What you should do: If pictures appear among the lines below, leave them out while you return exactly the lines from the one with "another fan commented." through the one with "Highlighted bronze cast".

--- Exercise data Enclosed Below ---

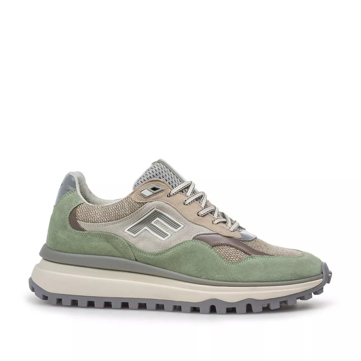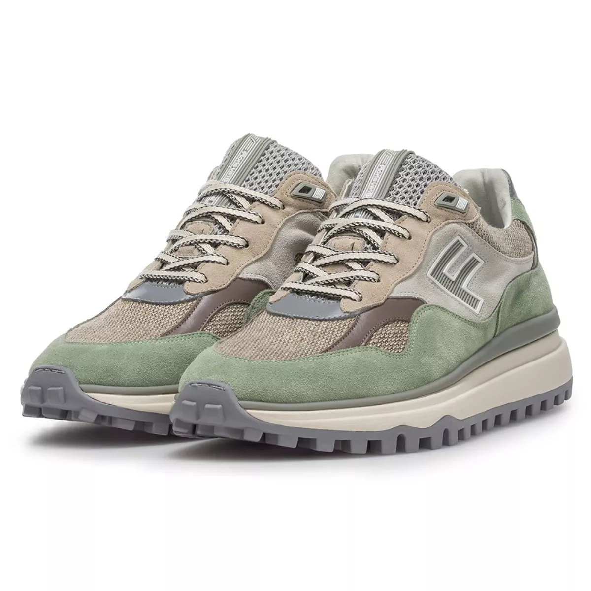 Dit is De Gripper, een sneaker op een robuuste runnerzool met bij de hiel een langgerekte stabilizer. De sneaker is uitgevoerd met kwalitatief hoogwaardige lederen voering. Het voetbed is volledig uitneembaar en kan, indien gewenst, vervangen worden door een eigen inlegzool of steunzool. Met een leest in wijdte G1/2 biedt deze sneaker een comfortabele en ruime pasvorm. Het bovenwerk is vervaardigd uit leer met nubuckleer. Op de zijkant en tong zijn rubberen labels aangebracht met het Floris van Bommel logo.
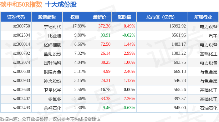碳中和50R(480021)指数十大成份股详情如下:
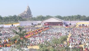 પરિસરમાં સમાજના અગ્રણીઓ, સ્થાનિક આગેવાનો, ટ્રસ્ટીઓ અને હજારો લોકોની ભીડ જોવા મળી હતી.
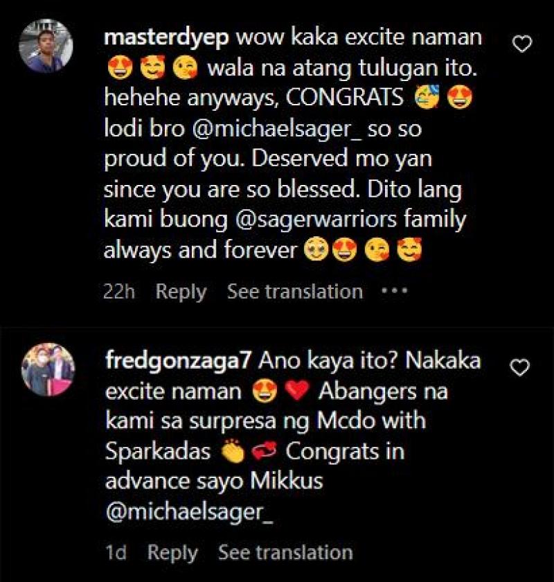 “Congrats in advance sa'yo Mikkus @michaelsager_” another fan commented.
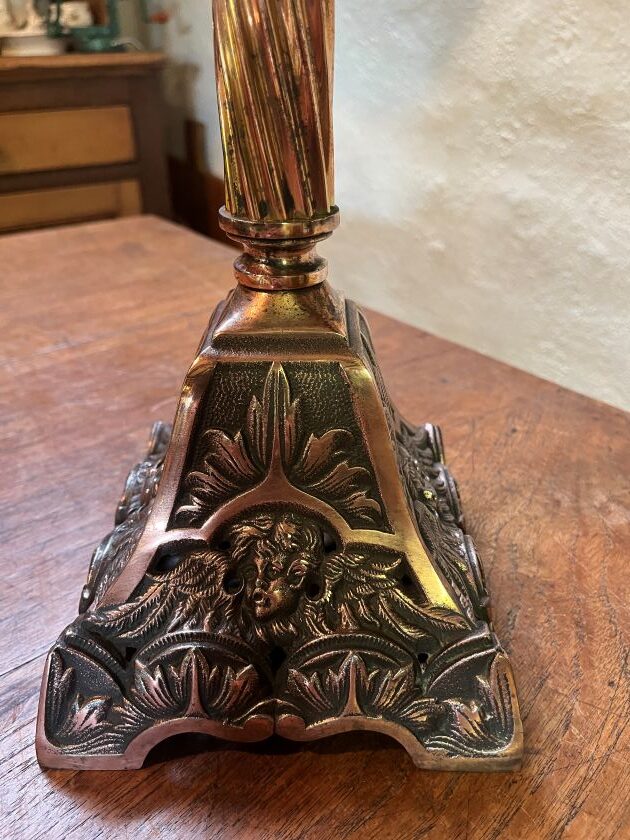 Highlighted bronze cast iron base featuring faces of winged cherubs/putti and acanthus leaf with Rd No. 405487 dating design registration to 1903.
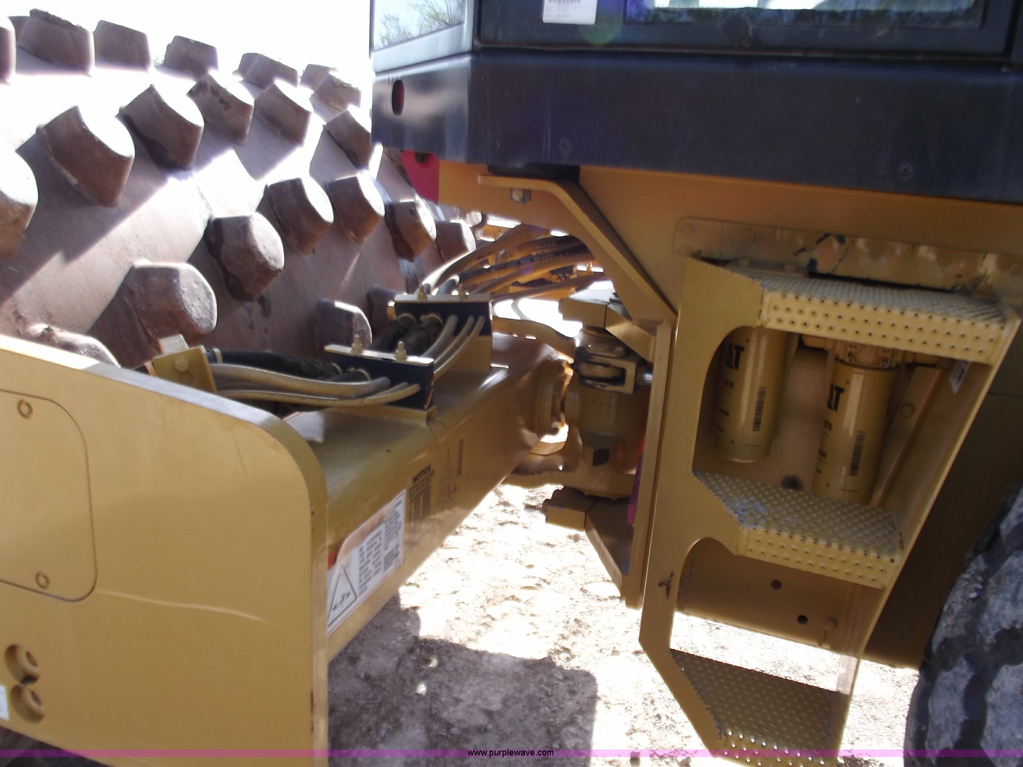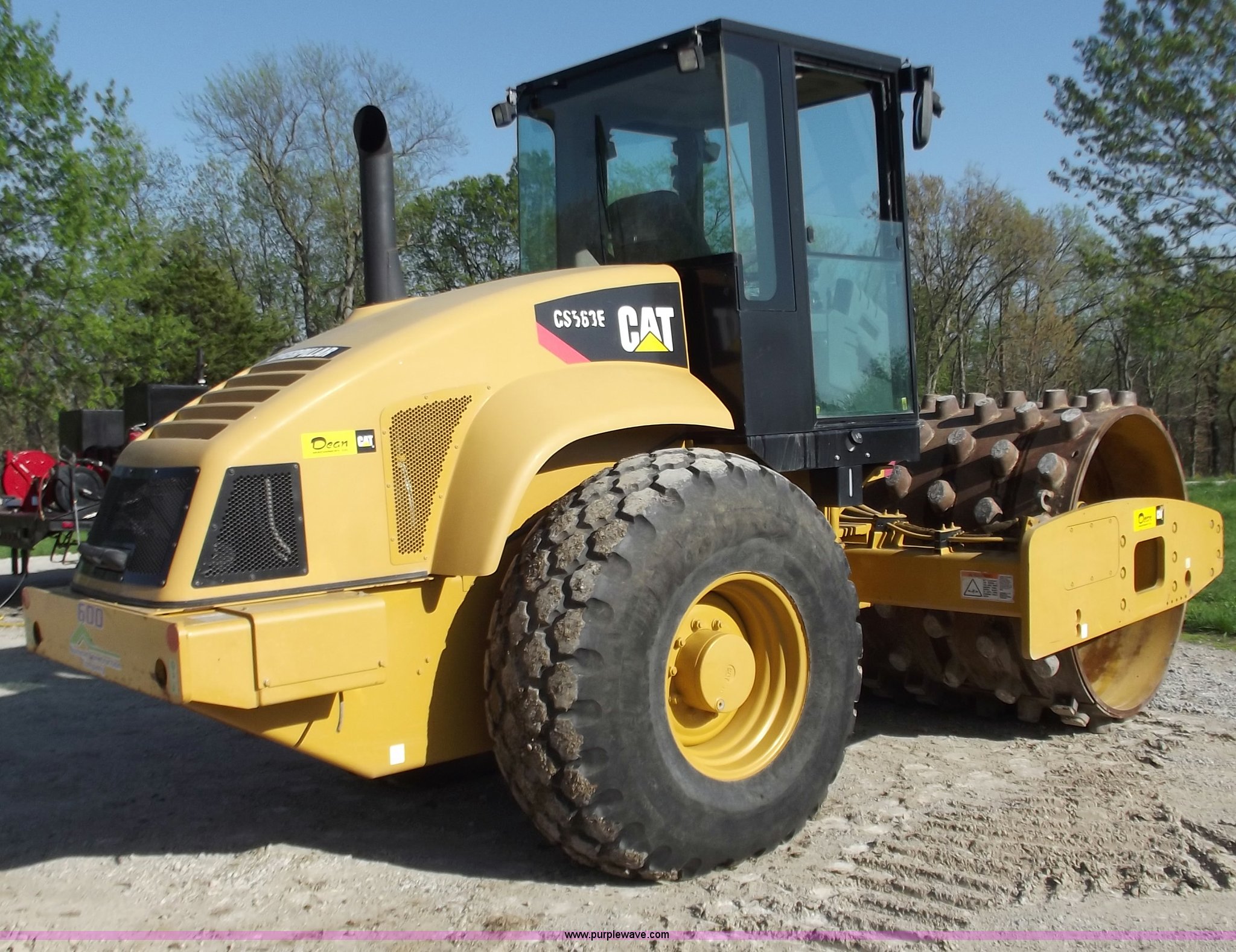 Purple Wave is selling a used Single Drum Roller Compactor in Missouri. This item is a 2007 Caterpillar CS563E smooth drum roller with padfoot kit with the following: 1,073 hours on meter, Caterpillar 3056E six cylinder diesel engine, 142 HP, 7'W x 60" diameter drum, Cab with AC and heat, 23.1-26 rear tires, 24,520 lbs. base operating weight, Serial CATC5563ACNG02158
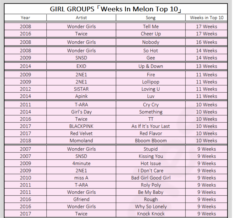 girl group k-pop วงไหนที่มีสถิติเพลงติดชาร์ตนานที่สุด

--- End of Enclosed Exercise data ---

Problem solution:
 “Congrats in advance sa'yo Mikkus @michaelsager_” another fan commented.
 Highlighted bronze cast iron base featuring faces of winged cherubs/putti and acanthus leaf with Rd No. 405487 dating design registration to 1903.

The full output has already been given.